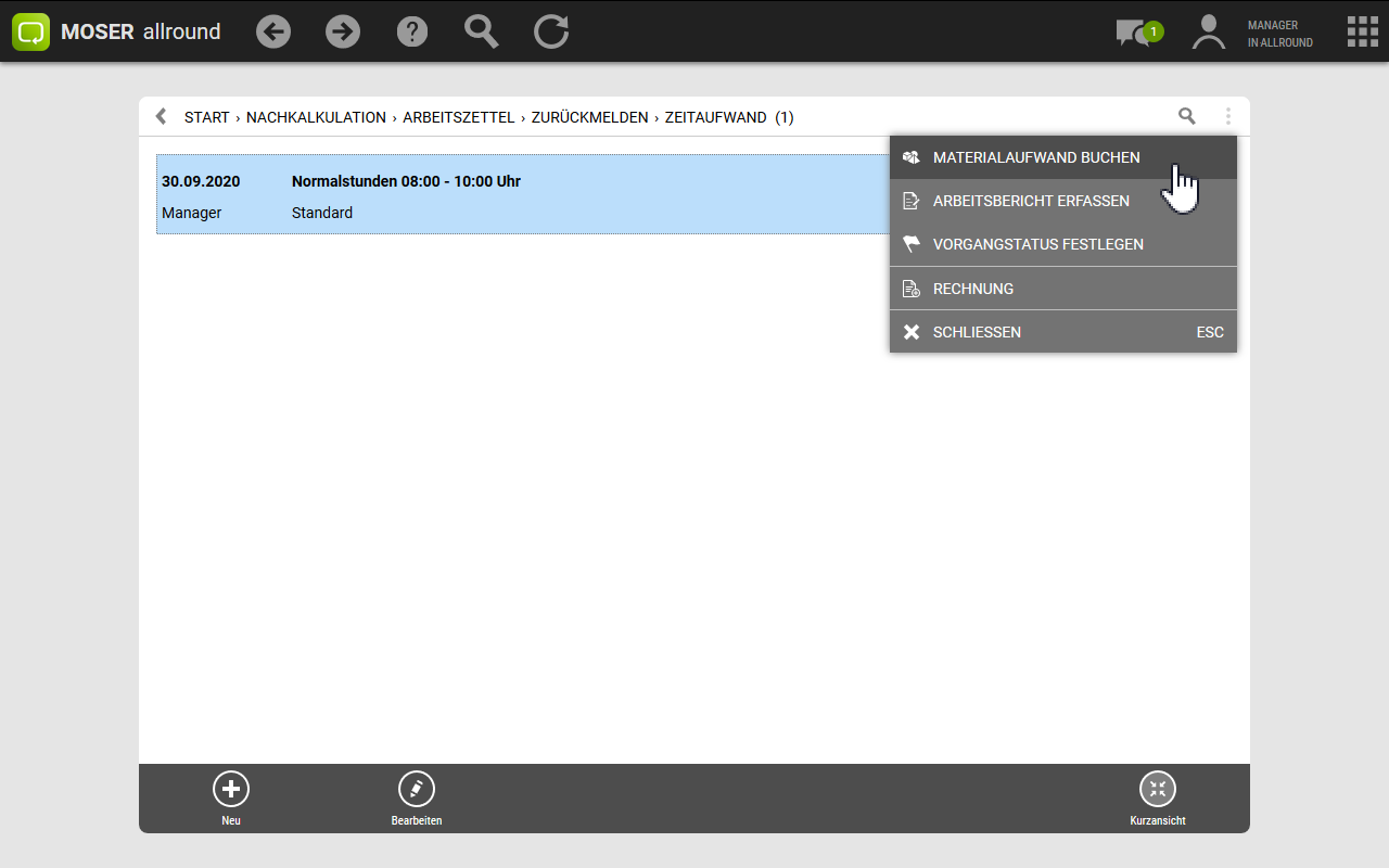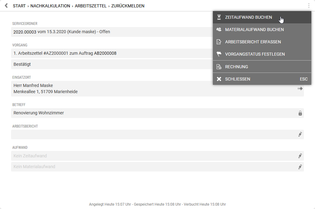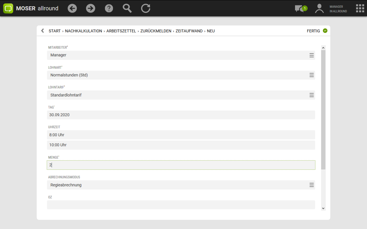 Im Rahmen der Nachkalkulation kann der beim Buchen von Stunden auch die OZ der Gliederung aus dem Auftrag angegeben werden.
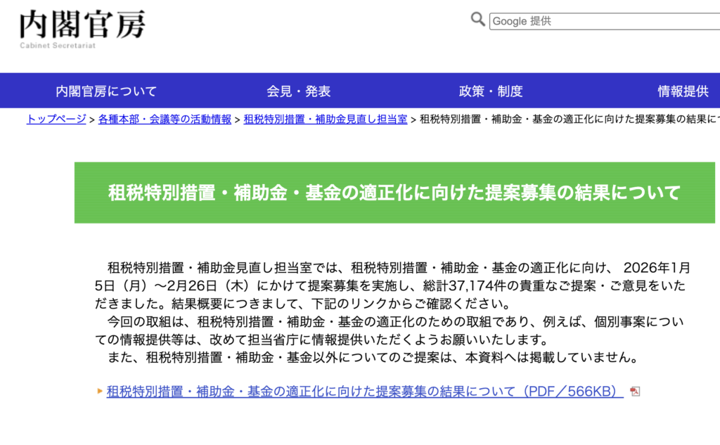 租税特別措置・補助金見直し担当室では、租税特別措置・補助金・基金の適正化に向け、 2026年1月5日(月)~2月26日(木)にかけて提案募集を実施し、総計37,174件の提案からのまとめ資料です。
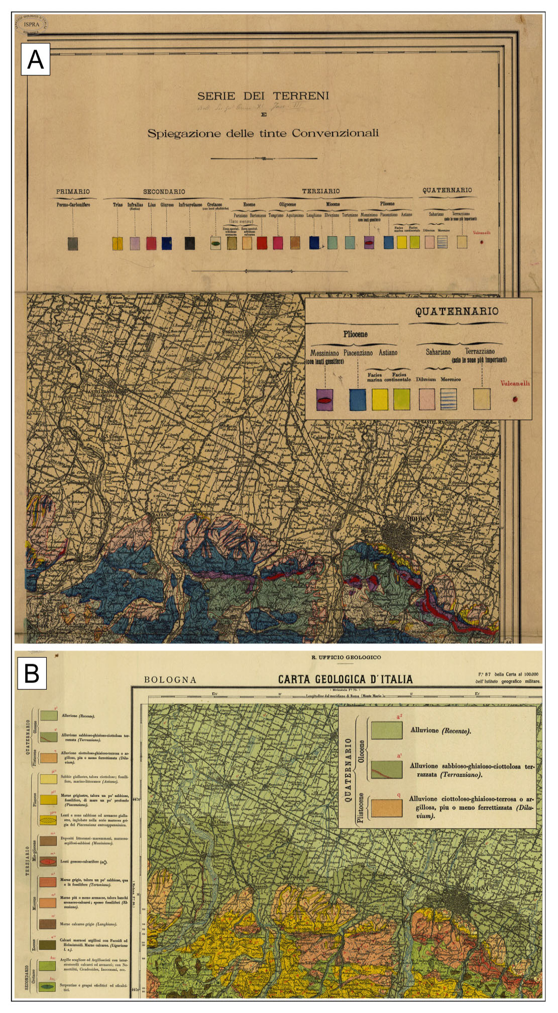 Forty years after his first field work and map, Federico Sacco mapped again the same area for the production of the first edition of the Geological Map of Italy at 1:100,000 scale (Sheet 87 “Bologna”; Servizio Geologico d’Italia, 1932; Fig. 9). Sacco added new field information with respect to its previous cartographic product (i.e, Sacco, 1892): in particular (Fig. 9B), the Quaternary deposits were subdivided into a larger number of units and “modern” chronological terms, such as “Pleistocene” (“Plistocene” in the legend) and “Olocene”, were adopted.
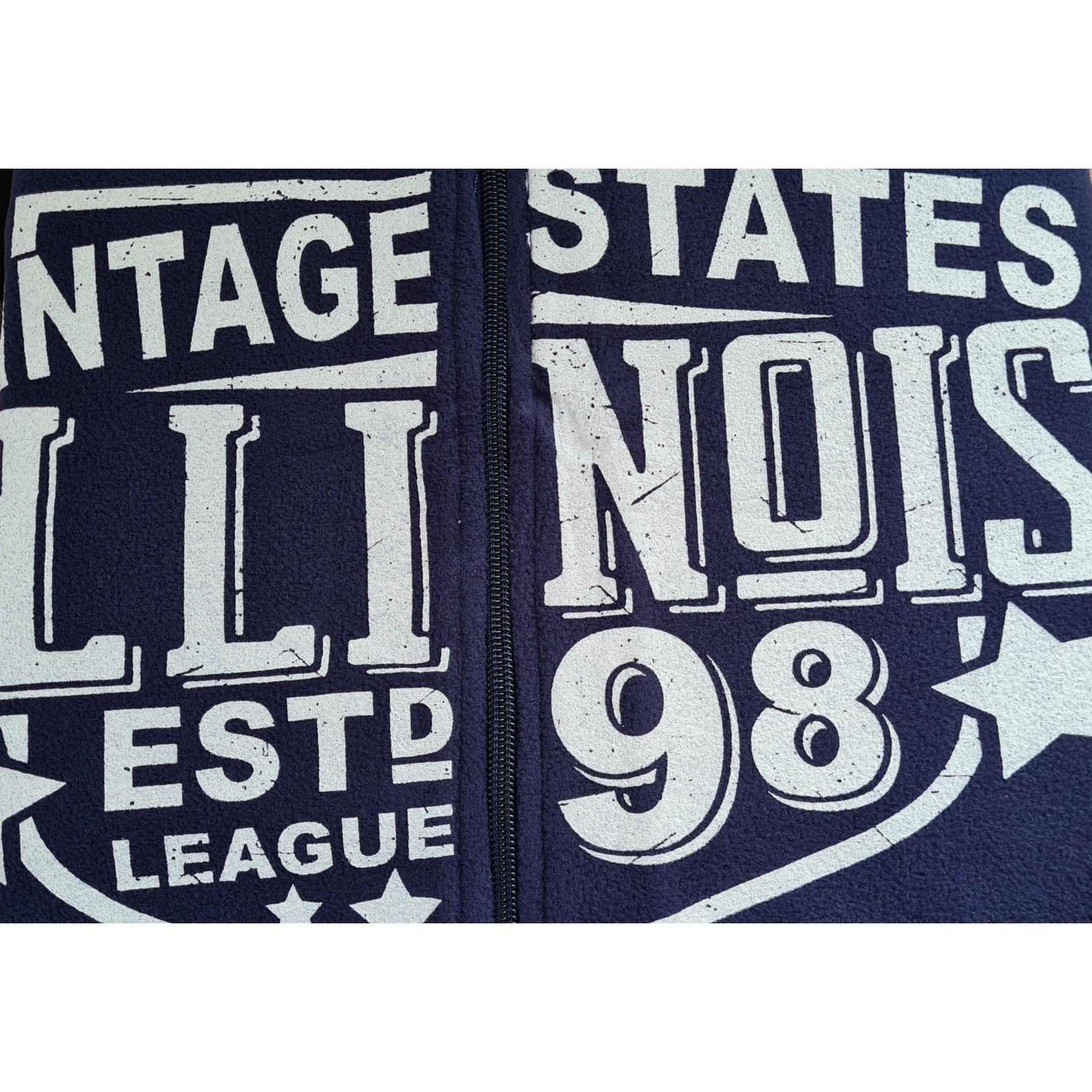 Men's distressed logo print microfleece onesie with a hood, in navy. It has a zip up front and ribbed cuffs and ankles.

══════════════════════════════

**To do**.
Restate word for word the lines running from the first line of the material to the line containing "租税特別措置・補助金見直し担", inclusive, and drop every picture.

**Answer section**.
 Im Rahmen der Nachkalkulation kann der beim Buchen von Stunden auch die OZ der Gliederung aus dem Auftrag angegeben werden.
 租税特別措置・補助金見直し担当室では、租税特別措置・補助金・基金の適正化に向け、 2026年1月5日(月)~2月26日(木)にかけて提案募集を実施し、総計37,174件の提案からのまとめ資料です。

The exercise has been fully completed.